Laplace Learning in Wasserstein Space
Mary Chriselda Antony Oliver, Michael Roberts, Carola-Bibiane Schönlieb, Matthew Thorpe
TL;DR
This work extends Laplace Learning to a Wasserstein submanifold of probability measures, grounding semi-supervised classification in an infinite-dimensional geometric setting. By proving Gamma-convergence of the discrete graph $p$-Dirichlet energy to a continuum energy and characterising the Laplace–Beltrami operator on the Wasserstein submanifold, the authors establish a rigorous link between graph-based learning and PDE-based diffusion in this context. The framework employs TL$^p$ topology and optimal transport tools to handle discretization and measure-valued data, with compactness results guaranteeing the existence of continuum minimisers. Numerical experiments on synthetic Gaussian data and ModelNet10 demonstrate robustness and consistency of classification as the data size grows and labels remain scarce. Overall, the paper provides a principled variational foundation for Laplace Learning in high-dimensional measure-embedded spaces, with potential extensions to unbalanced or alternative transport geometries.
Abstract
The manifold hypothesis posits that high-dimensional data typically resides on low-dimensional sub spaces. In this paper, we assume manifold hypothesis to investigate graph-based semi-supervised learning methods.
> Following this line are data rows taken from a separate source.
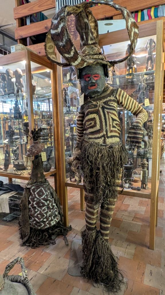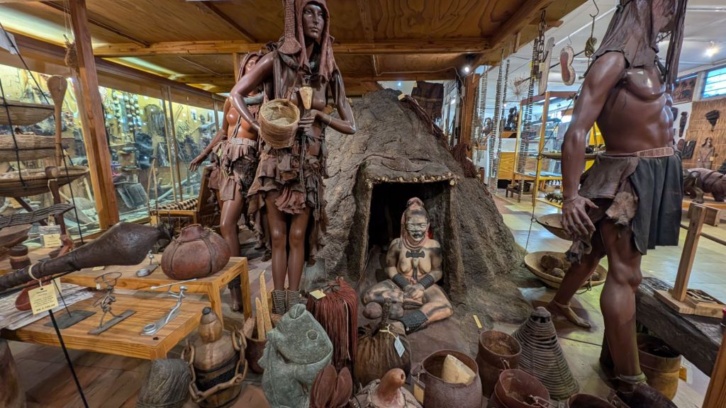 We stayed at the same guest house as our last visit, so walked the same streets into town. I think that the locals are very proud that they can walk safely around the city. On two separate occasions, older people (😂 they were MY age!!!!!) commented to us, with smiles, that walking around was great exercise, and safe! And our journey out led to a cool discovery. In the last post, we posted a picture of two statues of Two bushmen outside of a shop called The Bushman Art Gallery. We decided to walk in this time and found ourselves in a sort-of museum (that sold the artifacts!)
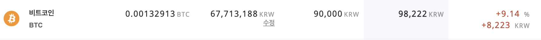비트코인 9일차 투자 수익률
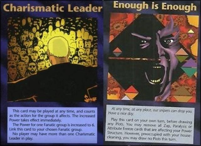 The first card ‘Charismatic Leader’ shows a man speaking to a fanatic crowd with the following text:
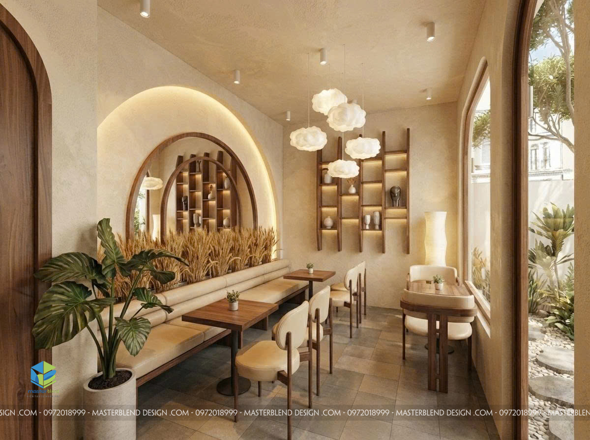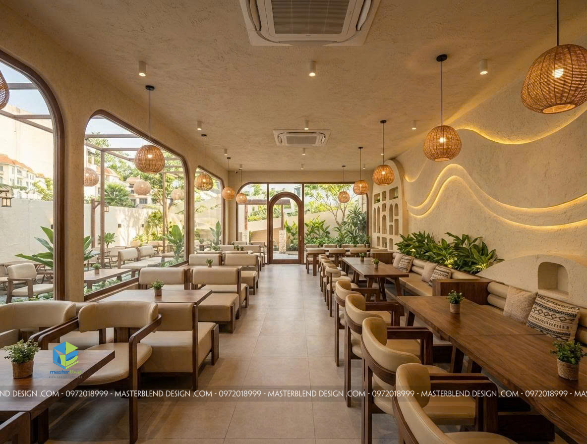 Không gian bên trong được chia thành: Khu bàn đôi – bàn nhóm nhỏ , khu sofa dài sát tường, khu gần cửa kính view sân vườn, khu trung tâm linh hoạt
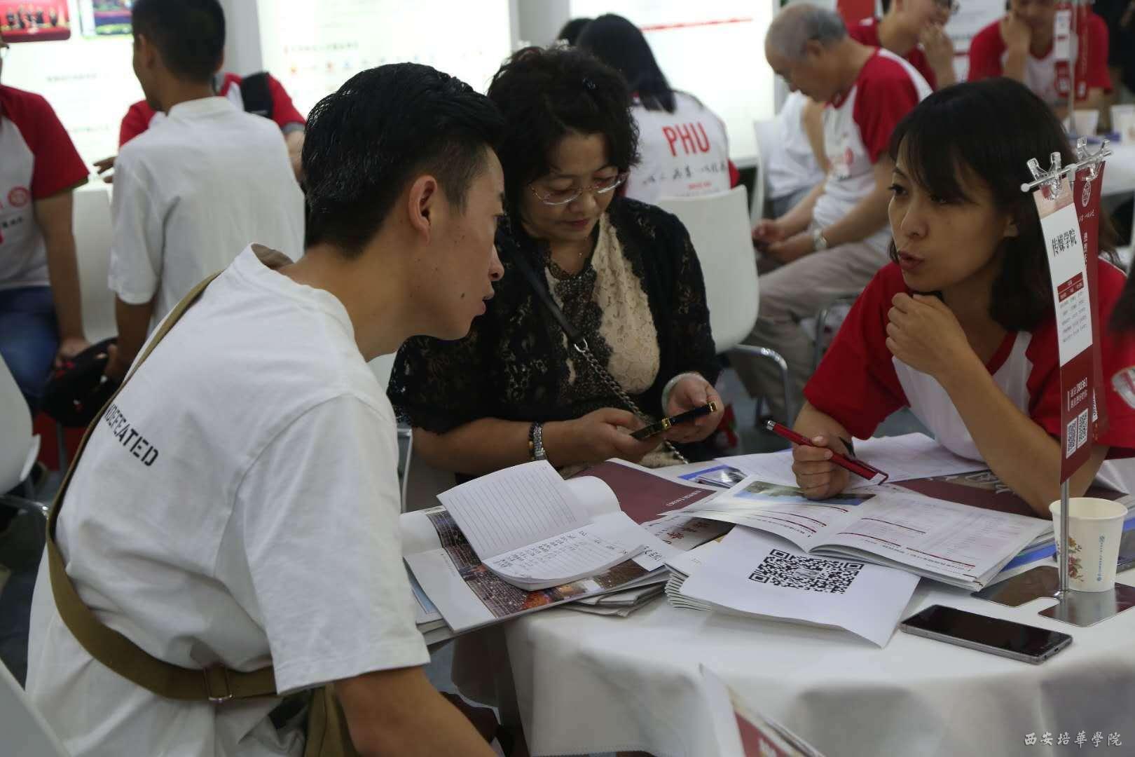 西安培华学院展位位于B2馆内,以辨识度强的红色标识映入眼帘,令人印象深刻。当日午时2019年高考成绩公布后,前来咨询的考生和家长络绎不绝,身着红白相间的培华师生工作人员耐心细致地为每一位咨询者提供最优的答案。
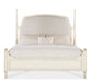 In a stunning reimagination of the classic Southern 4-poster bed, the inviting Americana Upholstered Bed has an upholstered fabric headboard with welt trim, in a color contrasting with the deep finish over Cathedral Oak Veneers. There are carved accents on the posts and scroll work on the upper sides of the footboard. The footboard comes with caps for a low-post option.
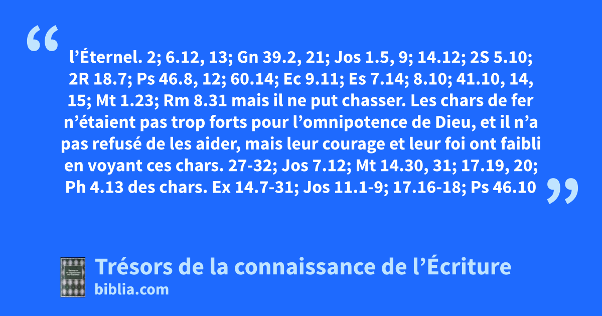l’Éternel. 2; 6.12, 13; Gn 39.2, 21; Jos 1.5, 9; 14.12; 2S 5.10; 2R 18.7; Ps 46.8, 12; 60.14; Ec 9.11; Es 7.14; 8.10; 41.10, 14, 15; Mt 1.23; Rm 8.31 mais il ne put chasser. Les chars de fer n’étaient pas trop forts pour l’omnipotence de Dieu, et il n’a pas refusé de les aider, mais leur courage et leur foi ont faibli en voyant ces chars. 27-32; Jos 7.12; Mt 14.30, 31; 17.19, 20; Ph 4.13 des chars. Ex 14.7-31; Jos 11.1-9; 17.16-18; Ps 46.10

In particular, we examine Laplace Learning in the Wasserstein space, extending the classical notion of graph-based semi-supervised learning algorithms from finite-dimensional Euclidean spaces to an infinite-dimensional setting. To achieve this, we prove variational convergence of a discrete graph p- Dirichlet energy to its continuum counterpart. In addition, we characterize the Laplace-Beltrami operator on asubmanifold of the Wasserstein space. Finally, we validate the proposed theoretical framework through numerical experiments conducted on benchmark datasets, demonstrating the consistency of our classification performance in high-dimensional settings.